The term “model” as used herein refers to “who” the metabolic urine test core platform is customized for. In various embodiments, the model comprises human, and more specifically, the model comprises human individuals classified into certain groups for further customization of the health monitoring systems and methods.


The term “groups of individuals” as used herein refers to lifestyle and/or age-related classes of individuals, segregated for the purpose of obtaining customized, appropriate health monitoring systems and methods. It should be noted that the group classification may be objective or subjective, and it is possible for an individual to find themselves classifiable into more than one group. An individual may believe they belong in a particular group, and insist so, or they may be guided to such classifications by a medical professional or anyone else. For example, a marathon runner who happens to be over 65 years old may believe they should be classified into both “elderly” and “athlete” groups so that they can benefit from the health monitoring systems and methods customized for each of these two groups. In another non-limiting example, a person on a calorie-conscious diet may not see themselves as being classified in the “dieters” group because they feel that they are not stressing their bodies to the extent that perhaps a binge-dieter may be, or a paleo-dieter who also happens to be Type-I diabetic and at risk for protein poisoning, ketoacidosis and organ failure because of the dieting. A person who drastically changes their diet may want to classify him/herself as a “dieter” to get the appropriate health monitoring system and method.

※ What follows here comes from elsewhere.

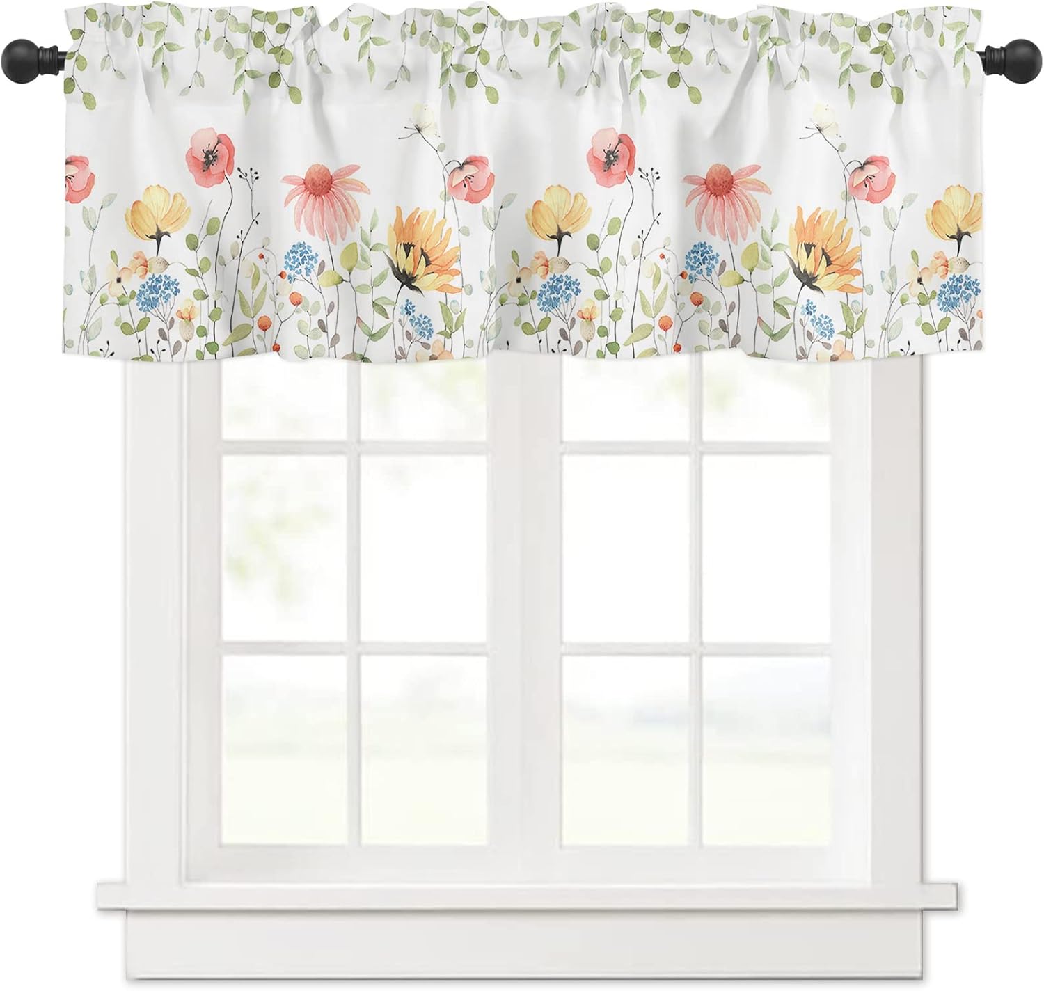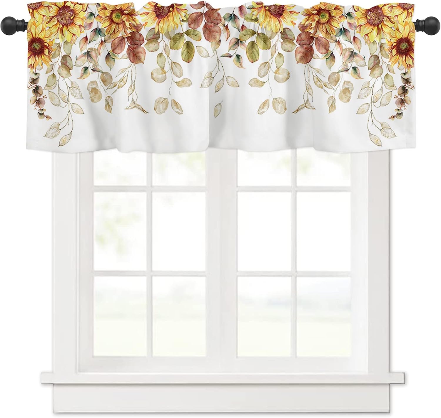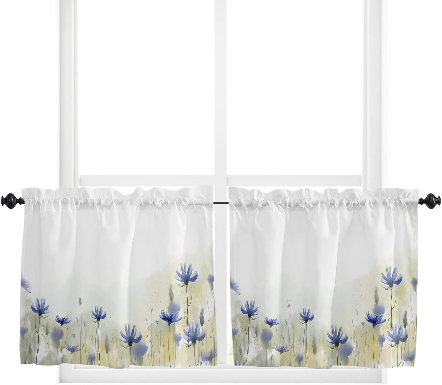 3 PCS CURTAIN SET 2 sizes are available: 🌸Valance Measurements: 54 Inch Wide by 18 Inch Length. 2 Tiers: Each Tier Measures 27.5 Inch Wide by 24 Inch Length. 🌸Valance Measurements: 54 Inch Wide by 18 Inch Length. 2 Tiers: Each Tier Measures 27.5 Inch Wide by 36 Inch Length. GOOD PRIVACY They will provide you the necessary privacy and allow just the right amount of light into your room. ROD POCKET The pocket holes are large enough for most rods in the market, easy installation and move. Premium quality printing ensures vibrant colors and long-lasting durability. GOOD PERFORMANCE Short and small curtains perfect addition to your kitchen, loft, laundry room, guest bathroom, farmhouse, living room, dining room,office, cafe,hotel or other public place, add a refreshing charm to your small window.
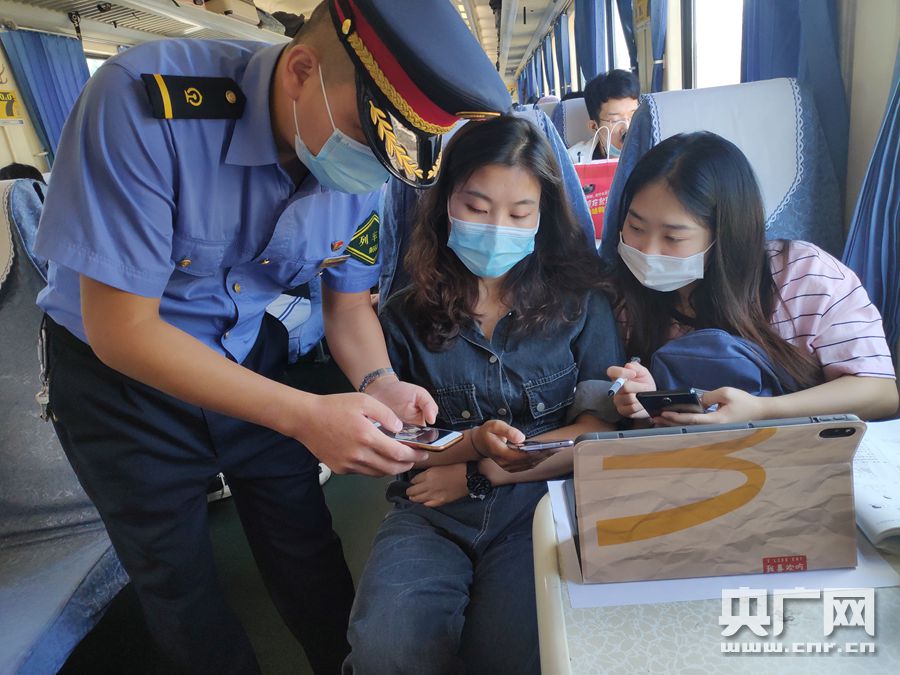 南昌客運段T145次列車上工作人員指導旅客通過12306進行訂餐。(央廣網(wǎng)發(fā) 通訊員供圖)

The term “normal adult” refers to the typical adult ranging in age from about 18 to about 65 years old, who may have a daily job and family life, but eats ordinary food and exercises perhaps regularly or very little at all. For example, the normal adult may be an office worker, a housewife, or a college student. Although “ordinary” is a subjective term, a “normal adult” herein refers to the majority of young and middle aged individuals who are just living an ordinary life without any physical stresses, binges, or voluntary excesses, like engaging in extreme physical training or extreme dieting. A normal adult may be somewhat out of shape (a less than ideal body mass index BMI and weight, for example), but wouldn't be viewed by the medical profession as being obese or anorexic.


The term “workplace worker” refers to the normal adult who has a physically demanding work schedule that may impinge on their personal health, or who is employed by an employer who suggests or mandates employee health monitoring for insurance or other reasons. Although subjective, the workplace worker may be a factory worker, or agricultural worker who may be exposed to toxins, or workers in physically demanding jobs. For example, the workplace worker may be a roofer who works in extreme climates, or an exterminator desirous of monitoring themselves for signs of deteriorating health. In various examples, the workplace worker may also be an office worker who is mostly or entirely sedentary. Such a person may be concerned about developing cardiovascular disease from their sedentary lifestyle, and may desire specialized health monitoring as a “workplace worker” so that health changes relating to the onset of cardiovascular disease may be detected. In various regards, classification as a workplace worker allows for workplace wellness pre-clinical screening, and the systems and methods of health monitoring in the workplace may also be used by employers and insurers.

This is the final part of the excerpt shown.